Чиновничьи партийные идеи били фонтаном. Известный в годы самых активных преобразований юрист Гойхберг вполне серьезно предлагал вообще заменить по закону семью коммунистической партией. Писатель Леонид Леонов предлагал праздновать Новый год 21 декабря, в день рождения Сталина. Полагаете, этот тип мышления уже весь в прошлом? Как бы не так! Выступая недавно по радио «Свобода», я изложил свою мысль, что с кем бы в нашей стране ни боролись, а с дураками не связывались никогда. Дурак, особенно пролетарского происхождения, с поколениями неграмотных предков в биографии, был ценим и любим системой особенно, он был верен ей – и она ему тоже. Как же завопила после этих моих слов коммунистическая «Рабочая газета»: «Он называет всех советских людей дураками!» А я ведь не всех назвал, а только тех, кто не боролся с наследственной темнотой, вышел благодаря ей в государственные чиновники, стал решать судьбы страны. И наладил такую жизнь, при которой всех прочих, так сказать, «держали за морду».
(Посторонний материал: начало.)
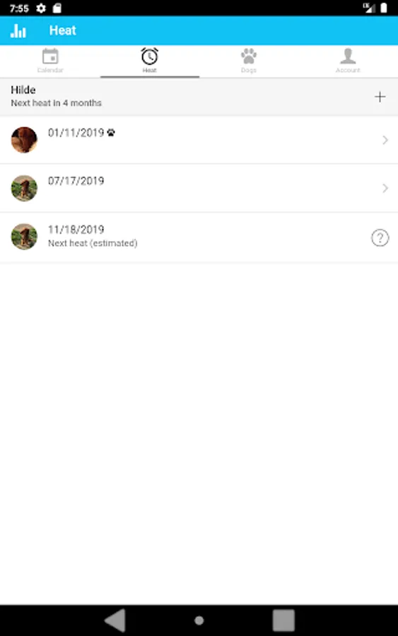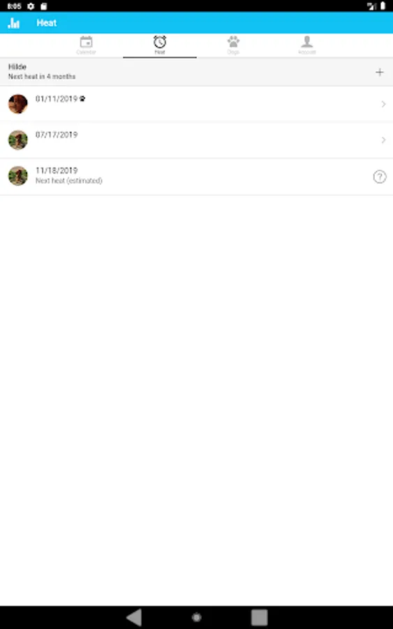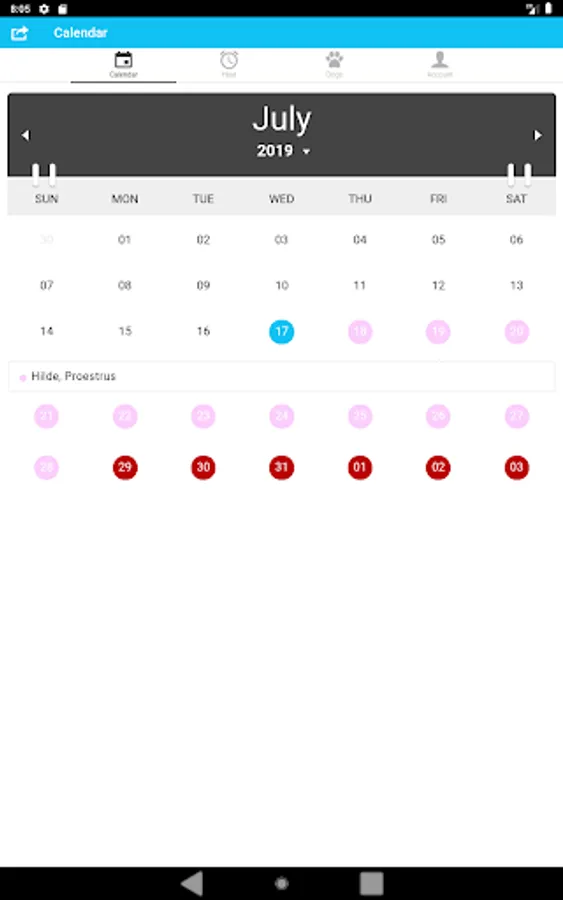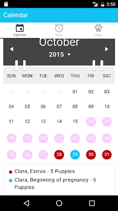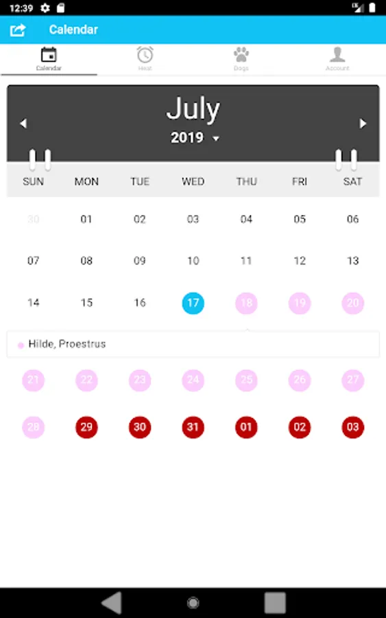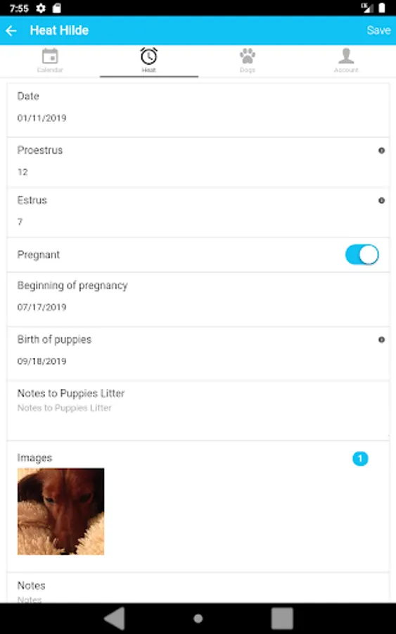 The "Puppy Planner" is easy to use and gives you a quick overview of the heat cycle of your dog. You simply enter the beginning and end dates of her period into your "Puppy Planner", and the subsequent bleeding periods will be automatically displayed from cycle to cycle. Small icons indicate the proestrus, estrus, and metestrus of the dog after you have independently entered this information the first time. The best probable time for successful coverage is also displayed.

Я никогда не мог привыкнуть к тому, что мой отец просыпался ночью, если у подъезда тормозил со скрипом автомобиль, и уже не мог заснуть до утра. Жили мы тесно, и я видел, как он молча глядит в потолок, всю жизнь беззащитный против системы, где чиновники изобрели спецавтомобиль для арестов. Мы редко говорили в семье на все эти темы, просто молчали. Тема молчания пришла ко мне через много лет, когда стало возможно рассуждать вслух и я написал в «Литературной газете» статью с занимательной арифметикой. Просто посчитал, что если погибло сорок (это самая малая цифра) миллионов людей, то каждый из них заслужил хотя бы по минуте молчания. Сорок миллионов минут. Пересчитайте на своем калькуляторе – это больше семидесяти шести лет молчания. В последнем Верховном Совете бывшей страны, слушая очередную речь о том, что коммунистам, мол, не дали завершить начатое, я посоветовал оратору заткнуться хотя бы на три четверти столетия – просто из уважения к тем, кого замучили во имя бредовых идеалов, схоластических выдумок. Я категорически против охоты на ведьм и выцарапывания глаз друг другу. Но я и против того, чтобы все прегрешения валились в одну кучу. Большинство из нас не святы и знают, чем платили за выживание. Но палачом или доносчиком можно было стать исключительно добровольно. И чиновником с пальчиками в крови – тоже. Поэтому откровенность – единственный способ достойно выжить. Книги вроде этой – свидетельские показания на бесконечном суде. Сегодня всем больно.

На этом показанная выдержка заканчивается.